* [Task details] Word for word, set down the records and skip each picture.

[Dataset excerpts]
○ ○ ○ ○

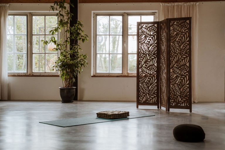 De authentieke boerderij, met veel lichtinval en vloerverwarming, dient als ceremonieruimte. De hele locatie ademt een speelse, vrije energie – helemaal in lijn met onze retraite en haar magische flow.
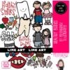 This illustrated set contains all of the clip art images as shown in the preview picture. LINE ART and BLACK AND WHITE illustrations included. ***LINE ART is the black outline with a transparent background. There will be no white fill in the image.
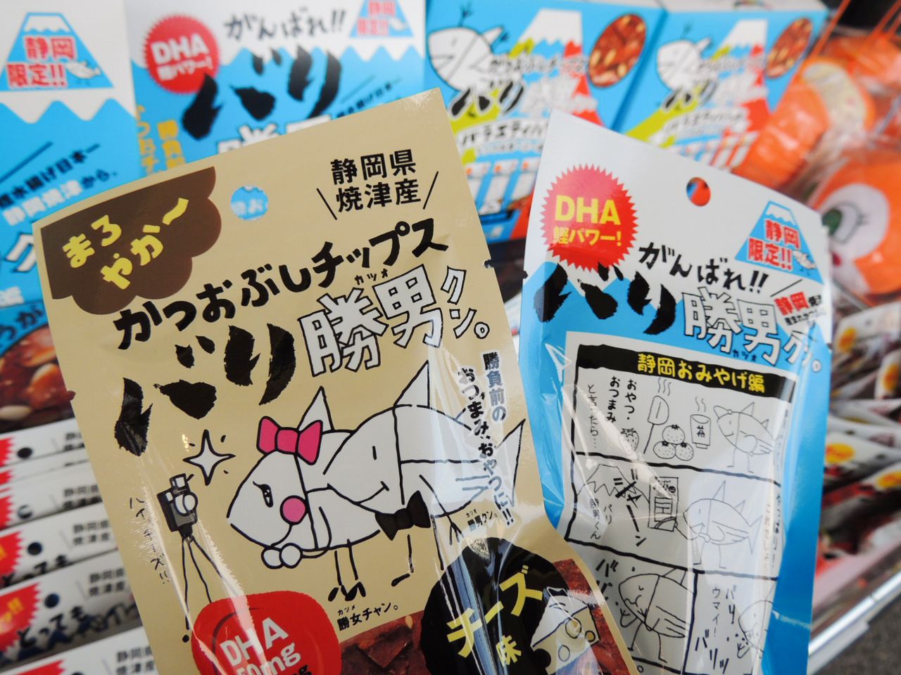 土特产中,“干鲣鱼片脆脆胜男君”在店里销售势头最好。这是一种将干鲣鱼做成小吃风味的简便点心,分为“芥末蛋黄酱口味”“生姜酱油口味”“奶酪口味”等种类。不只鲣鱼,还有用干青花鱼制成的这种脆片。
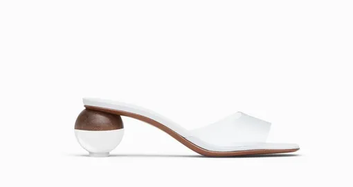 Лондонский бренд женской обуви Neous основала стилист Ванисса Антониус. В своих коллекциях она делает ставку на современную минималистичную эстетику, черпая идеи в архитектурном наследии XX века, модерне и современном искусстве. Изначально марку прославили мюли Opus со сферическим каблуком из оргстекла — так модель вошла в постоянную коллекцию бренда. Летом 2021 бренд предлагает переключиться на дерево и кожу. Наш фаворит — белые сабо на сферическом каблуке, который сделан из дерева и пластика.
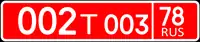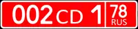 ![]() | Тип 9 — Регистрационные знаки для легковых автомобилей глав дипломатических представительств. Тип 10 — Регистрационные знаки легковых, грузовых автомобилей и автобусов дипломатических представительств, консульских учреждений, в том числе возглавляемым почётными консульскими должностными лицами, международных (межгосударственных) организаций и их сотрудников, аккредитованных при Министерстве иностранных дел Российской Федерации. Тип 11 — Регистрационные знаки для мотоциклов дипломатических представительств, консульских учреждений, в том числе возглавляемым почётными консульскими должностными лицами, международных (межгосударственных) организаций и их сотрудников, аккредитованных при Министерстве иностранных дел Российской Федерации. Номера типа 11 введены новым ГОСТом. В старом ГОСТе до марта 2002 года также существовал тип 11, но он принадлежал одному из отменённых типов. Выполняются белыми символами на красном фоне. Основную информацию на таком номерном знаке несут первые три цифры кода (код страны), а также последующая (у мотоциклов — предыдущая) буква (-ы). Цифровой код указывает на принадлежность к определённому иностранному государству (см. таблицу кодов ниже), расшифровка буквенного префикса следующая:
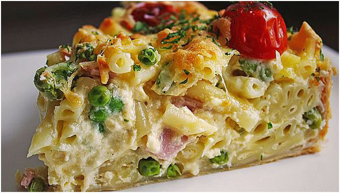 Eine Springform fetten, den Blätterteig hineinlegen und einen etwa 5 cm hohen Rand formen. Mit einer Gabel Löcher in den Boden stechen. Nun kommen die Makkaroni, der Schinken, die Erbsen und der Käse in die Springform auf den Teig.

○ ○ ○ ○

* [Output for this task]
 De authentieke boerderij, met veel lichtinval en vloerverwarming, dient als ceremonieruimte. De hele locatie ademt een speelse, vrije energie – helemaal in lijn met onze retraite en haar magische flow.
 This illustrated set contains all of the clip art images as shown in the preview picture. LINE ART and BLACK AND WHITE illustrations included. ***LINE ART is the black outline with a transparent background. There will be no white fill in the image.
 土特产中,“干鲣鱼片脆脆胜男君”在店里销售势头最好。这是一种将干鲣鱼做成小吃风味的简便点心,分为“芥末蛋黄酱口味”“生姜酱油口味”“奶酪口味”等种类。不只鲣鱼,还有用干青花鱼制成的这种脆片。
 Лондонский бренд женской обуви Neous основала стилист Ванисса Антониус. В своих коллекциях она делает ставку на современную минималистичную эстетику, черпая идеи в архитектурном наследии XX века, модерне и современном искусстве. Изначально марку прославили мюли Opus со сферическим каблуком из оргстекла — так модель вошла в постоянную коллекцию бренда. Летом 2021 бренд предлагает переключиться на дерево и кожу. Наш фаворит — белые сабо на сферическом каблуке, который сделан из дерева и пластика.
 ![]() | Тип 9 — Регистрационные знаки для легковых автомобилей глав дипломатических представительств. Тип 10 — Регистрационные знаки легковых, грузовых автомобилей и автобусов дипломатических представительств, консульских учреждений, в том числе возглавляемым почётными консульскими должностными лицами, международных (межгосударственных) организаций и их сотрудников, аккредитованных при Министерстве иностранных дел Российской Федерации. Тип 11 — Регистрационные знаки для мотоциклов дипломатических представительств, консульских учреждений, в том числе возглавляемым почётными консульскими должностными лицами, международных (межгосударственных) организаций и их сотрудников, аккредитованных при Министерстве иностранных дел Российской Федерации. Номера типа 11 введены новым ГОСТом. В старом ГОСТе до марта 2002 года также существовал тип 11, но он принадлежал одному из отменённых типов. Выполняются белыми символами на красном фоне. Основную информацию на таком номерном знаке несут первые три цифры кода (код страны), а также последующая (у мотоциклов — предыдущая) буква (-ы). Цифровой код указывает на принадлежность к определённому иностранному государству (см. таблицу кодов ниже), расшифровка буквенного префикса следующая:
 Eine Springform fetten, den Blätterteig hineinlegen und einen etwa 5 cm hohen Rand formen. Mit einer Gabel Löcher in den Boden stechen. Nun kommen die Makkaroni, der Schinken, die Erbsen und der Käse in die Springform auf den Teig.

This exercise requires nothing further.